Challenges we ran into
One major challenge was minimizing latency between the surgeon’s movements and the robotic arms’ response. Even a slight delay could introduce risks in a surgical setting. Additionally, ensuring smooth, natural motion for complex procedures required fine-tuning our inverse kinematics algorithms. Finally, developing a user-friendly interface that felt intuitive to surgeons unfamiliar with VR control was a significant hurdle.

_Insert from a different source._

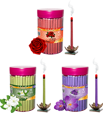 Dhoop Sticks with pleasant fragrances of Rose, Mogra & Lavender. Net weight of one jar is 100 grams.

Accomplishments that we're proud of
We successfully demonstrated real-time remote control of robotic arms with sub-50ms latency, an achievement that pushes the boundaries of remote surgery. The system’s precision exceeded our initial expectations, allowing for fine motor control necessary for surgical tasks. Seeing our prototype perform delicate procedures—like tying a suture—was a huge milestone for our team.
What we learned
We gained deep insights into real-time robotics control, VR interface design, and the practical challenges of telemedicine. Understanding the importance of low-latency communication in medical applications was eye-opening. Additionally, we learned the value of interdisciplinary collaboration, as our project required expertise from robotics, software engineering, and even medical professionals.
What's next for Dr. Andy
The next step is refining the system for clinical-grade reliability and conducting user testing with surgeons. We plan to integrate AI-assisted stabilization to compensate for small errors in hand movements and explore 5G and satellite connectivity for global accessibility. Ultimately, we aim to partner with medical institutions and humanitarian organizations to bring Dr. Andy into real-world surgical applications.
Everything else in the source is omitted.